Whether one views the combatants in the struggle between God and Satan ontologically, mythically, or literarily, God created man in his own image and likeness but chose to give him free will—a force so powerful that not even God’s infinite love can always overcome it. Thus given a sporting chance to ruin God’s favorites, the fallen Light-Bringer, Lucifer, picked himself and his fellows off the floor of the fiery lake into which they were plunged by the sword of St. Michael, and endeavors each day not to conquer Man but to seduce and destroy him. As Satan observes in Book One of Milton’s Paradise Lost:
The mind is its own place, and in itself
Can make a Heav’n of Hell, a Hell of Heav’n.

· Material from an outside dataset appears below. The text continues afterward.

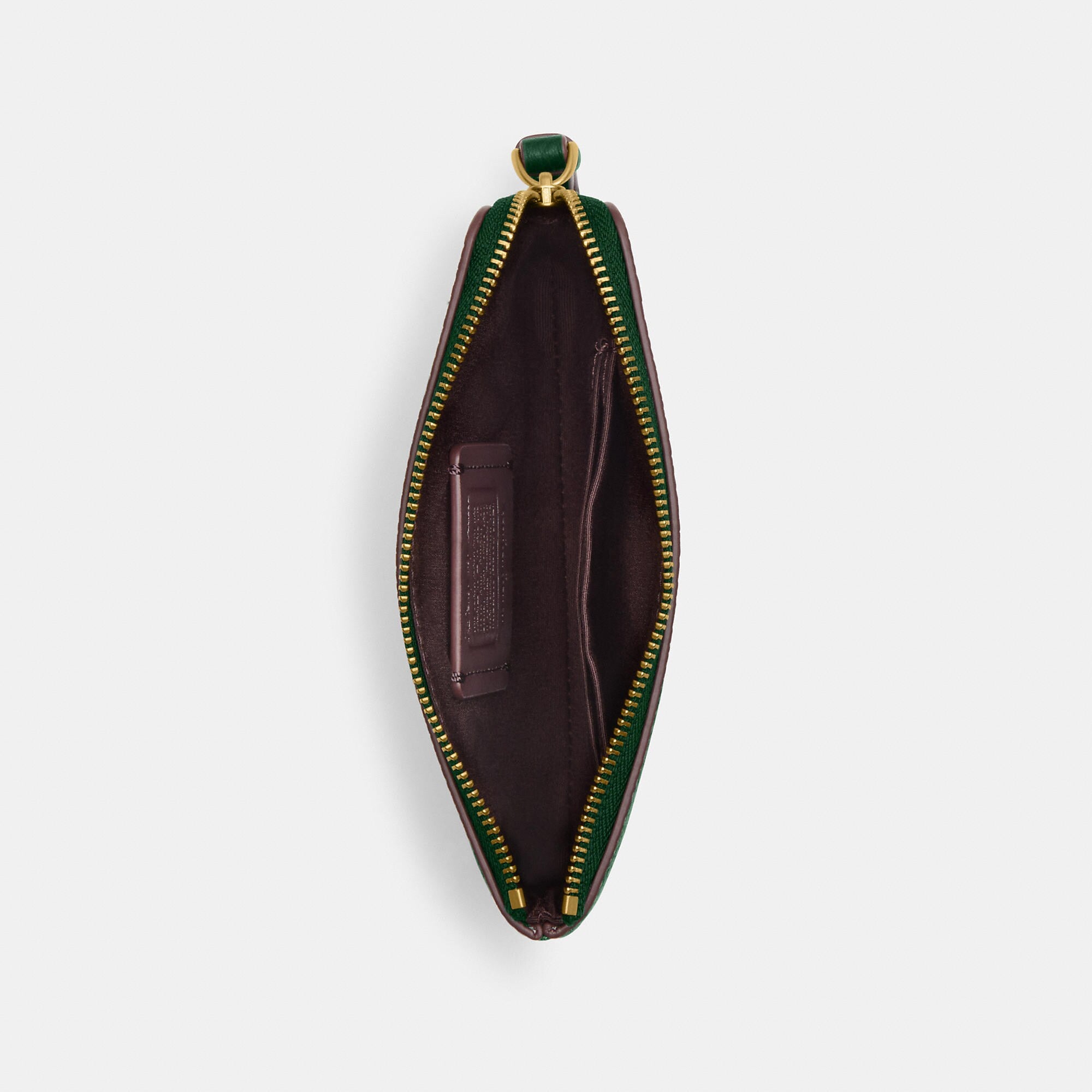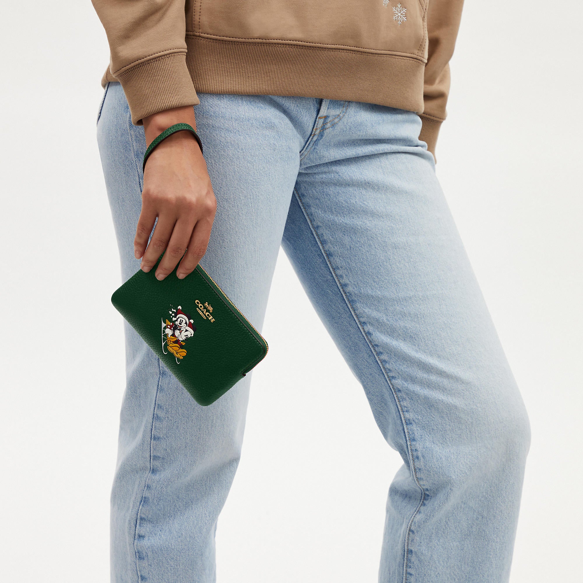 Refined pebble leather Two credit card slots Zip-top closure fabric lining Wrist strap attached 6 1/4 (L) x 4 (H) x 1/2 (W) Disney x Coach ©Disney Style No. CN025 | Coach Outlet Disney X Coach Corner Zip Wristlet With Sled Motif - Green

What matter where, if I be still the same . . .
To reign is worth ambition though in Hell:
Better to reign in Hell than serve in Heav’n.
Satan himself, however, has no need for servants in Hell, as God does in Heaven; he is instead satisfied with corpses on earth. As modern history shows, the Devil has had great success and ample reward in that department. But he cannot be satisfied with his infernal kingdom. As in a Hollywood sequel, the body count must be ever higher, just to keep the antagonist interested. Damnation consists not in consignment to the netherworld, but in the rejection of the ur-Narrative—a willful separation of oneself from the heroic path for which history and literature provide a clear signpost.
As Milton writes in the Areopagitica, the poet’s seminal essay on freedom of speech and, more important, freedom of thought: “I cannot praise a fugitive and cloistered virtue, unexercised and unbreathed, that never sallies out and sees her adversary, but slinks out of the race where that immortal garland is to be run for, not without dust and heat.” For Milton, the very absence of conflict was in itself contemptible, unmanly—inhuman.